• **SOURCE MATERIAL**
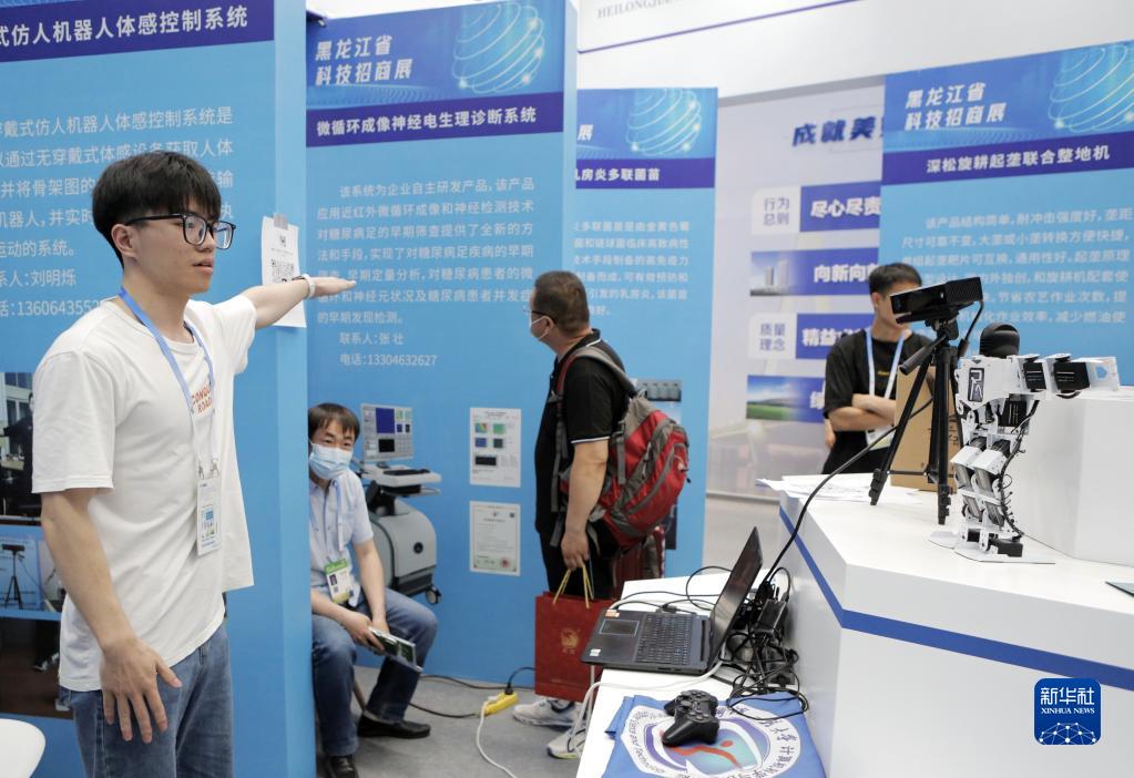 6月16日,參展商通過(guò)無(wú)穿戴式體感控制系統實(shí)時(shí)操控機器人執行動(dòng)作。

---

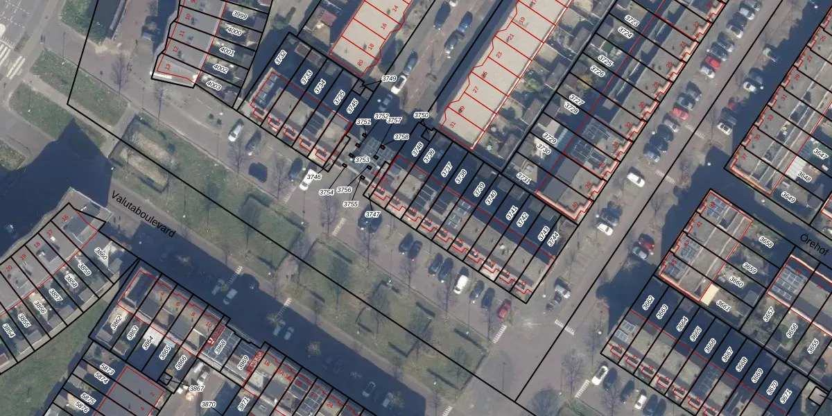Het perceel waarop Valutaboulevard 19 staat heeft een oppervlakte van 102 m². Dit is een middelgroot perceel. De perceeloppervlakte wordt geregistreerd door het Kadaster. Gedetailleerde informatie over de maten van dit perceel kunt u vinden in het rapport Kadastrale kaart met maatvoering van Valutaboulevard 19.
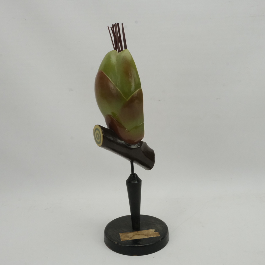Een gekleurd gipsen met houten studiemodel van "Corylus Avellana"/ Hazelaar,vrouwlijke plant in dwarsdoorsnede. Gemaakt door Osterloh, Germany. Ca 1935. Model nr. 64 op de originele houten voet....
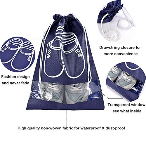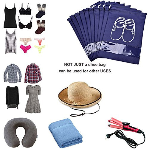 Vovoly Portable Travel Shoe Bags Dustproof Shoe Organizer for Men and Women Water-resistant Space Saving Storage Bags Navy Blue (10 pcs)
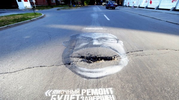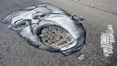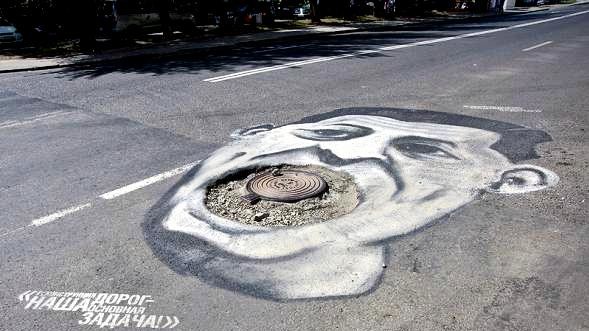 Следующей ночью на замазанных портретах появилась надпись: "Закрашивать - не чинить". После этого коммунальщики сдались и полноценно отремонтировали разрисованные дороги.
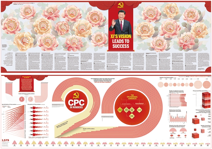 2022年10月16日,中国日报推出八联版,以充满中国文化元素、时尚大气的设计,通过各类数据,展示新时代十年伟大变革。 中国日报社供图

• **EXERCISE INSTRUCTIONS**
Using the entries above, reproduce word for word only the lines from the one that contains "Een gekleurd gipsen" to the one that contains "2022年10月16日,中国", both ends included, and drop every picture.

• **RESULT FOR THIS TASK**
Een gekleurd gipsen met houten studiemodel van "Corylus Avellana"/ Hazelaar,vrouwlijke plant in dwarsdoorsnede. Gemaakt door Osterloh, Germany. Ca 1935. Model nr. 64 op de originele houten voet....
 Vovoly Portable Travel Shoe Bags Dustproof Shoe Organizer for Men and Women Water-resistant Space Saving Storage Bags Navy Blue (10 pcs)
 Следующей ночью на замазанных портретах появилась надпись: "Закрашивать - не чинить". После этого коммунальщики сдались и полноценно отремонтировали разрисованные дороги.
 2022年10月16日,中国日报推出八联版,以充满中国文化元素、时尚大气的设计,通过各类数据,展示新时代十年伟大变革。 中国日报社供图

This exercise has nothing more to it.